Someone nominated my blog at Circle Of Moms under the Top 25 Pregnancy Journals. I'm not sure who it was, but I took a look today and I'm actually in the running at #23. So if you'd like to take a quick second, click here, mossy on down the list a tad, and vote for I Should Be Doing Laundry... that would be neato. Thanks!
So since, apparently my journal has anonymously been named a 'pregnancy journal', I thought I'd sum up my experience carrying baby #2 (Levi) this time around, thus far.
I spent most of these weeks in the fetal position on the couch while praying that my almost-two-year-old at the time could pretty much fend for herself. Morning sickness my buttocks! It was all day sickness, every single day sickness. The smells, tastes, and even the sight of some things left me running for the bathroom dry-heaving (which is way worse than actually vomiting to me.). I experienced a little sickness with Gracie, but nothing like this. (Everyone, their mother & their cat at this point was convinced I was having a boy. Apparently Old Wives Tales NEVER die).
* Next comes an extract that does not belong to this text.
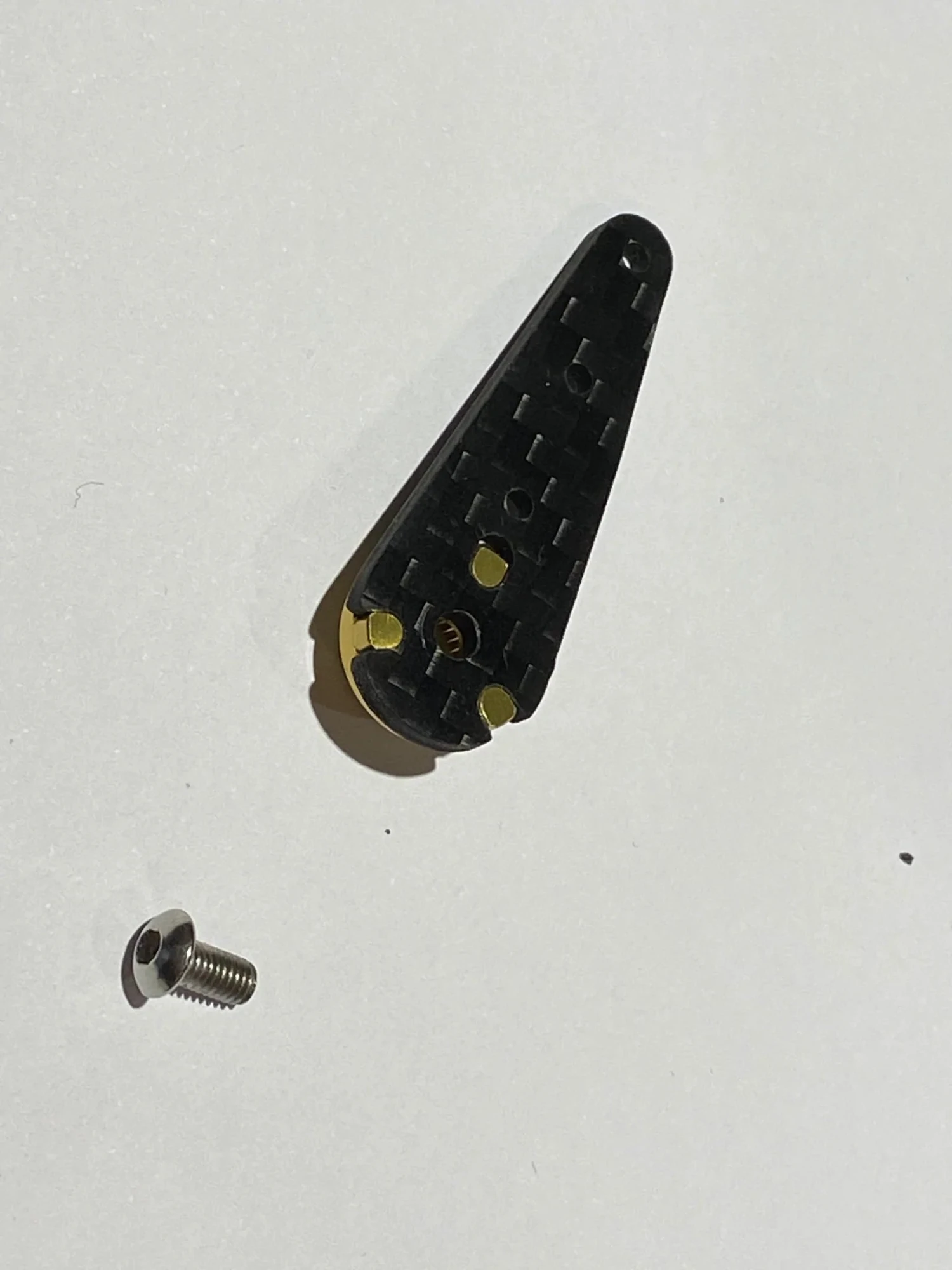 High performance servo horns produced by Tomas Liu Studios. The spline is manufactured from 7075 aluminum and the horn from carbon fiber. (see pics)
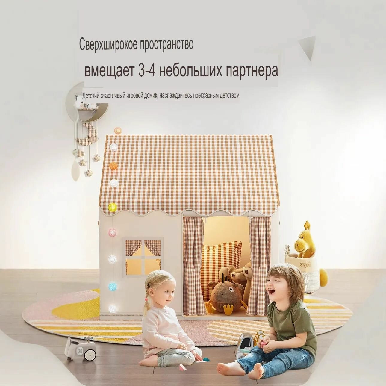 Игровой детский домик BAOBAO, для улицы и квартиры, с ковриком и сумкой для хранения информация:

I'm feeling Ahhh- MAZING!!! at this point. I could stay pregnant all my life if needed be (I jumped the gun a little bit). I felt great. I'd seriously forget I was even pregnant until my growing belly got in the way of something/someone, or when people had to remind me to 'not pick that up!!'. I'm a very do-it-myself kind of girl. I don't like that feeling of being handicapped from doing something I can normally do on my own.
Third Trimester (My Armageddon?):
I am soo over it. This is my last pregnancy, and at first I was a little sad I'd be experiencing all this for the very last time. Yea. That feeling is now out. the. window. I feel fat, I feel tired, I feel like I'm 80 years old. At night I try and hold my bladder as long as I can to keep from having to get out of bed. I'm not sleeping well, and I've got one (going on two now) pinched static nerve, which at times makes it hard to even sit still. I am convinced that if I was not a SAHM right now, I'd have to go start my leave of absence right now. And my doctor says my tummy is measuring bigger than average. BUT! Aside from the pain and extreme low-self esteem I'm experiencing this trimester, feeling those kicks and tumbles that my little dude in there is doing... makes all the pain worth it. Remembering what it's like to hold Grace for the first time, and now actually knowing how it's like to see your child and love them unconditionally at first sight... yep. All. Worth. It. I would do it a million more times for Grace if I had to. And I know I'll feel the same way about my little boy.